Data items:
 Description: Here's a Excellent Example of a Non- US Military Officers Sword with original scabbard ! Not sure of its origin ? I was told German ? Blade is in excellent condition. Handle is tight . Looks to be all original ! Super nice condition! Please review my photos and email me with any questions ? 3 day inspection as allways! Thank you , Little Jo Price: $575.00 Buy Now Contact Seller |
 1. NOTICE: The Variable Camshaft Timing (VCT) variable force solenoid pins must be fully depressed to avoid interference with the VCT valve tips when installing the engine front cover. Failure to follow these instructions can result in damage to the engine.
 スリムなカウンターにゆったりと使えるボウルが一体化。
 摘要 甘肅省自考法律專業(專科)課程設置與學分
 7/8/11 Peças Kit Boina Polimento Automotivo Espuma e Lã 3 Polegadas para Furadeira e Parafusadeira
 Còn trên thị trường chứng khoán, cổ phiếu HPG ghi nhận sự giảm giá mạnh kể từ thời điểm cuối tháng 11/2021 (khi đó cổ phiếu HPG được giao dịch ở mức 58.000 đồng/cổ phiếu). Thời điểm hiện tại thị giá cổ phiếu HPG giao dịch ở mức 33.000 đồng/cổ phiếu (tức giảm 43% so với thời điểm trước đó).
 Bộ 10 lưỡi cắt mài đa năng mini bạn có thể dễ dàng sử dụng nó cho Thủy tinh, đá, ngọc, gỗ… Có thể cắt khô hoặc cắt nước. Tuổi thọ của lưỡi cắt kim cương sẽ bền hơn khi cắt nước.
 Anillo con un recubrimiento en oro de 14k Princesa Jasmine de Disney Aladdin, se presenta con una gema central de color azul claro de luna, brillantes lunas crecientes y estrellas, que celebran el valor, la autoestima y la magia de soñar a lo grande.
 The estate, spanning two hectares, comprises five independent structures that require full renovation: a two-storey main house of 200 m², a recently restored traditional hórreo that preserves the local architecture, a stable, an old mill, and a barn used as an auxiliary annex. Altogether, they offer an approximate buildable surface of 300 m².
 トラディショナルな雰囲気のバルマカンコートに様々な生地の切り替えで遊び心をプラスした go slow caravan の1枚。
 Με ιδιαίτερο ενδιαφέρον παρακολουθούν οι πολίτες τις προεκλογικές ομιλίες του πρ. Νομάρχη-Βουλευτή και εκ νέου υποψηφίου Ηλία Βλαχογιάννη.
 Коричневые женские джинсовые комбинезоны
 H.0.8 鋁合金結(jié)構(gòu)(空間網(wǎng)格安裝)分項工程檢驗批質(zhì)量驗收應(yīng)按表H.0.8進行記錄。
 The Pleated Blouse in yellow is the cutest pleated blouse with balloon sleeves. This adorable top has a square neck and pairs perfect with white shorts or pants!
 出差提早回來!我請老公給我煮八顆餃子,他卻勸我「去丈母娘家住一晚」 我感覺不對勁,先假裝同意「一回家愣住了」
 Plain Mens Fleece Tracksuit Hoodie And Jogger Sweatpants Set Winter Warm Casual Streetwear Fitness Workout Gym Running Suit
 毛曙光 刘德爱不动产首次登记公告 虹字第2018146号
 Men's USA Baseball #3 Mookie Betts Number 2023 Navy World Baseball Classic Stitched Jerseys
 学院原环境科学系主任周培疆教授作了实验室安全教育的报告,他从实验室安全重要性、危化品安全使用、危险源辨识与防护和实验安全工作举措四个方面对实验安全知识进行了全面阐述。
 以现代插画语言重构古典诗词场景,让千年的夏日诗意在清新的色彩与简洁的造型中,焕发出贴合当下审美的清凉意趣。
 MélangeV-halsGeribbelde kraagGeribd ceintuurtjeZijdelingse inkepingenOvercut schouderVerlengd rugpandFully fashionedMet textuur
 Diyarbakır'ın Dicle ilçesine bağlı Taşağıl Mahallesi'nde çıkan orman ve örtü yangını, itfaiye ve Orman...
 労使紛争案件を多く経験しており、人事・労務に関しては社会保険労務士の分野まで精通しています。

ASSIGNMENT: In the data above, find the line with "Με ιδιαίτερο ενδιαφέρον" and the line with "以现代插画语言重构古典诗词场". Retype both, plus every line between them, exactly.

OUTPUT OF THE TASK:
 Με ιδιαίτερο ενδιαφέρον παρακολουθούν οι πολίτες τις προεκλογικές ομιλίες του πρ. Νομάρχη-Βουλευτή και εκ νέου υποψηφίου Ηλία Βλαχογιάννη.
 Коричневые женские джинсовые комбинезоны
 H.0.8 鋁合金結(jié)構(gòu)(空間網(wǎng)格安裝)分項工程檢驗批質(zhì)量驗收應(yīng)按表H.0.8進行記錄。
 The Pleated Blouse in yellow is the cutest pleated blouse with balloon sleeves. This adorable top has a square neck and pairs perfect with white shorts or pants!
 出差提早回來!我請老公給我煮八顆餃子,他卻勸我「去丈母娘家住一晚」 我感覺不對勁,先假裝同意「一回家愣住了」
 Plain Mens Fleece Tracksuit Hoodie And Jogger Sweatpants Set Winter Warm Casual Streetwear Fitness Workout Gym Running Suit
 毛曙光 刘德爱不动产首次登记公告 虹字第2018146号
 Men's USA Baseball #3 Mookie Betts Number 2023 Navy World Baseball Classic Stitched Jerseys
 学院原环境科学系主任周培疆教授作了实验室安全教育的报告,他从实验室安全重要性、危化品安全使用、危险源辨识与防护和实验安全工作举措四个方面对实验安全知识进行了全面阐述。
 以现代插画语言重构古典诗词场景,让千年的夏日诗意在清新的色彩与简洁的造型中,焕发出贴合当下审美的清凉意趣。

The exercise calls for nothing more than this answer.